Roger Sueess

Roger Sueess

CEO

Roger Sueess, CEO of Green Datacenter, discusses the company’s cloud transformation and hyperscale capabilities alongside its commitment to sustainabi...

Roger Sueess is the CEO of Green Datacenter, a Switzerland-based company providing data centres and colocation services. “I started back in the day doing a computer science and electrical engineering baccalaureate at university. My background in development, starting as a consultant and freelancing, was quite helpful because I started to learn how to leave an impact on people. I spent around 20 years within the banking industry in different roles, at two of the biggest Swiss banks. And then last year I joined Green as CEO.”

Sueess credits his experience in the banking industry as well preparing him for his current role. “My time at the banks helped a lot, whether it was as CTO or Global Head of Engineering, which operated almost as a mini company within a company. There was also the whole business engagement with regards to adopting the cloud and so forth. Having had that, as well as the chance to work abroad in New York, Seattle, Vancouver and all across Europe, was quite helpful to the role now.”
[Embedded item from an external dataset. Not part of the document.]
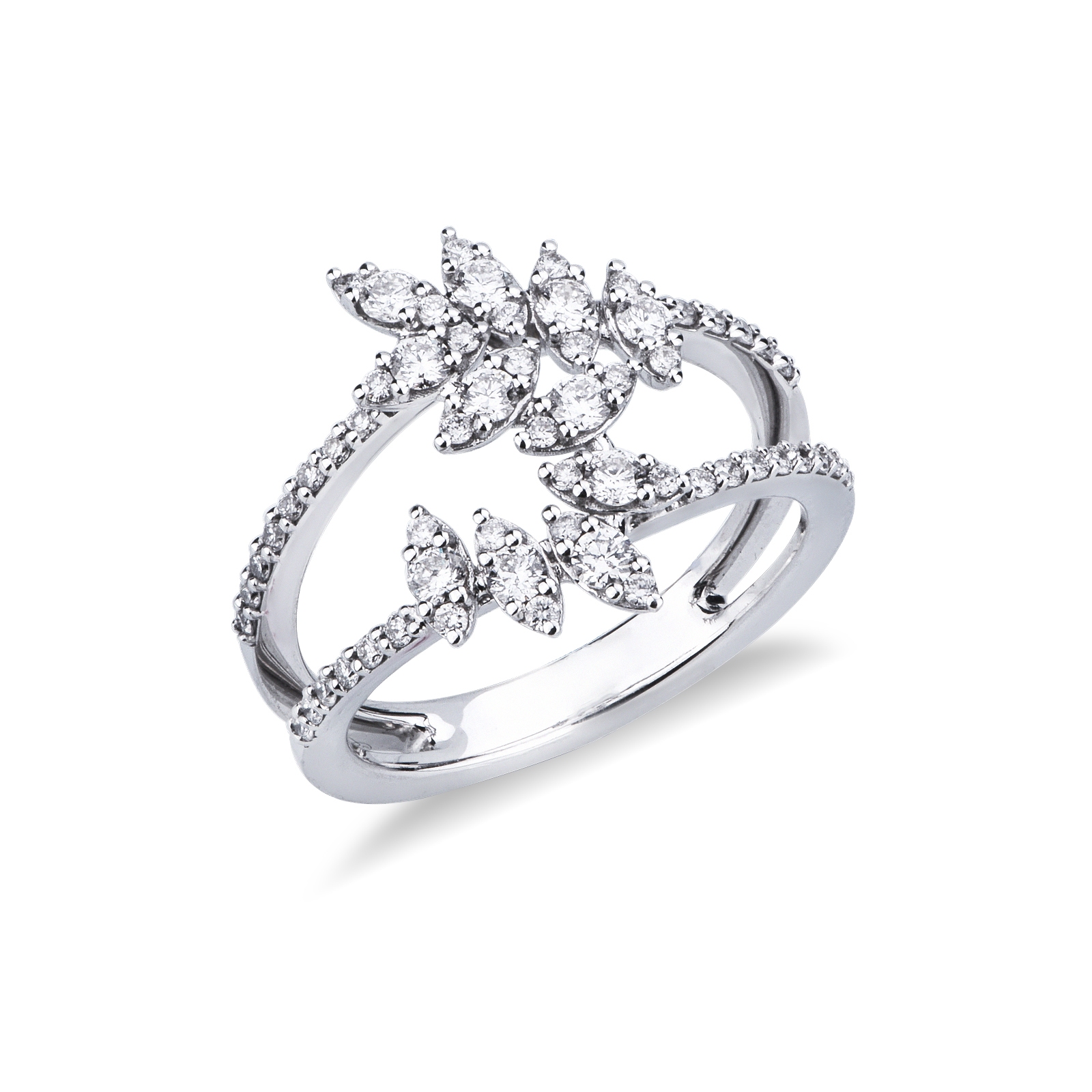 Anillo design dos hileras en oro blanco 18k con diamantes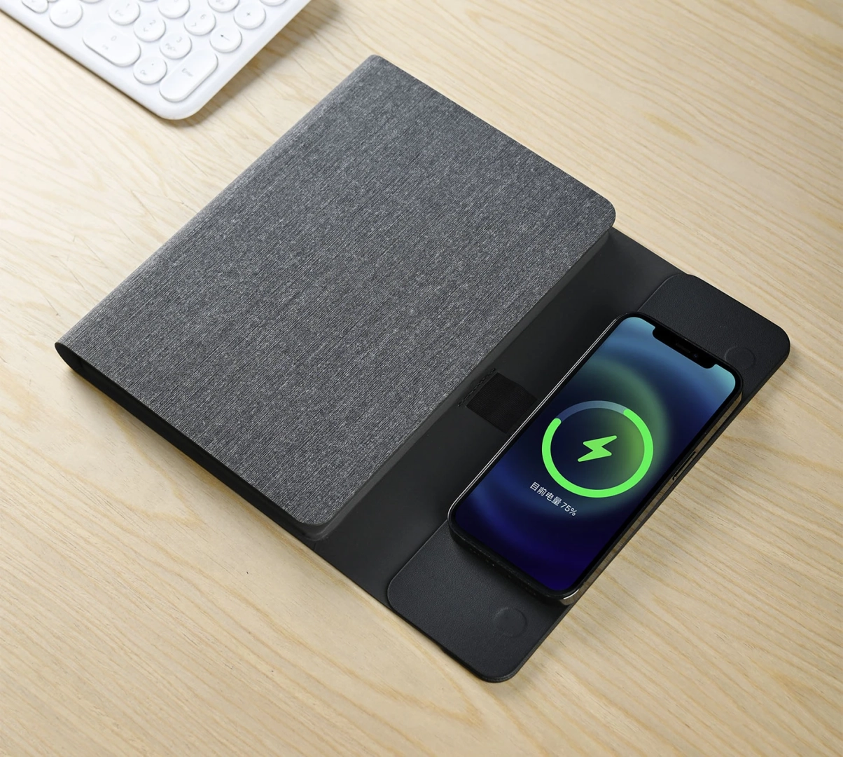 Portfolio sa notesom A5, pomoćnom baterijom 5.000 mAh, bežičnim punjačem za tri uređaja i magnetom FULTON 3IN1

Sueess’s approach to leadership is characterised by trust in his employees. “I try to have a very collaborative, open, transparent leadership style. It’s about trying to create the space for my directs and so forth to thrive.” The ongoing coronavirus pandemic has not altered this approach, instead clarifying its necessity. “We've seen in these challenging times the importance of having a sound corporate culture based on trust. We’ve had to give quite a long leash to people to keep the business running as if nothing had happened and that’s worked out.”

That’s not to say that there’s any complacency in Sueess’s approach, with some elements, such as communication, requiring more attention in these trying times. “What changes is that you have to be a bit more precise and a bit more frequent with those channels to keep people engaged and to make sure you’re understanding each other. We’re clearly losing at least some of the dimensions of communication. The video stuff helps a lot, but you do lose that closeness.” For a midsize company, maintaining that closeness is even more imperative. “At smaller companies the decision path is very short, very direct. With people working from home, you just have to pay your people more attention and make sure that they're all understanding what's going on.”